The importance of maintaining optimal vitamin D levels after menopause
The decrease in female sex hormones causes fragility and loss of bone mass, which increases the risk of developing osteoporosis and fractures, a common occurrence in women over 50 years of age. However, let’s look at how we can minimize this impact on women’s bone health.
Dr. César Montiel – Neolife Medical Team
Menopause is a vulnerable stage, from a nutritional point of view, because energy expenditure decreases (due to changes in body composition and decreased activity), while the needs for some nutrients such as vitamin D increase (1, 2). Loss of ovarian function has a profound impact on female bone health. The decrease in bone mineral density accelerates in the year prior to the last menstrual period and in the following two years (5). Although the etiology of osteoporosis is multifactorial, vitamin D intake, from the diet and from supplements, appears to have a key impact on the maintenance of bone mineral density, prevention of fractures and falls (3-4).
Vitamin D plays a central role in calcium metabolism, so adequate intake, either through the diet or by cutaneous synthesis in response to sunlight, is essential for lifelong health. Parathyroid hormone or parathormone (PTH) regulates the production of 1,25 dihydroxyvitamin D and the formation of the active form of vitamin D necessary for calcium homeostasis. Chronic vitamin D deficiency leads to secondary hyperparathyroidism with higher bone turnover, progressive bone loss, and higher risk of fracture due fragile bones (5, 6).

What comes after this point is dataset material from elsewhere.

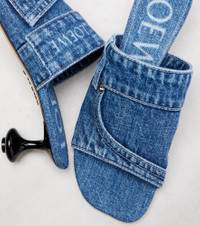 Denim-inspired, the Toy Panta mules by Loewe bring modern sophistication to everyday dressing. Set on a 45mm sculptural heel with a square open toe, this pair blends casual edge with refined design. Product Details - Upper: fabric - Lining: fabric - Sole: fabric insole, leather sole - Toe shape: square open toe - Made in Italy - Includes: shoe box, dust bags - Designer color name: Washed Denim - Item color: blue - Item number: P01065989 Size & Fit - True to size - European sizes - 4,5cm-2" heel (size EU 38)

The prevalence of vitamin D deficiency in the general population and especially in post-menopausal women is significant and is currently considered an important public health problem. This deficiency may have key consequences not only for bone health, but may possibly play a role in autoimmune, neoplastic, infectious, and cardiovascular diseases (6-7).
From a metabolic point of view, modern life has supposed for women, an increase in the prevalence of diseases such as obesity, insulin resistance, and diabetes, mediated by an increase in the amount of visceral fat. High-calorie diets, sedentary lifestyles, and all the unhealthy lifestyle habits of our urban life have contributed to this increase in pathologies that in the long run dramatically increase the risk of suffering a cardiovascular event.
In urban areas, 50% of women over 50 years of age suffer from this metabolic syndrome. This means that half of all women suffer from excess visceral fat at the abdominal level.
Moreover, vitamin D deficiency is considered to be the most frequent medical problem worldwide, intensifying after menopause (65% of postmenopausal women have severe vitamin D deficiencies).
Recent studies (1, 2) link vitamin D deficiency to the appearance of chronic diseases like high blood pressure and type 2 diabetes, which exponentially increase patients’ vascular risk. On the opposite side of the spectrum, patients with high vitamin D levels have a rate of cardiovascular events that is up to 51% lower than the normal population’s.
A meta-analysis of more than 210,000 patients confirms a 20% higher risk of these cardiometabolic pathologies.
In January 2018, the journal Maturitas published a cohort study of 463 postmenopausal women, showing that those with low vitamin D levels had a higher risk of metabolic syndrome, hypertriglyceridemia, and low HDL cholesterol (good cholesterol) levels, and that this risk was higher than in the population with low vitamin D levels, i.e., in postmenopausal women the effect of low vitamin D levels was more acute.
These results are consistent with the conclusions obtained in previous research (3, 4), and even in the WHI, in 2002, a possible link between low vitamin D levels and the occurrence of cardiovascular events was already mentioned.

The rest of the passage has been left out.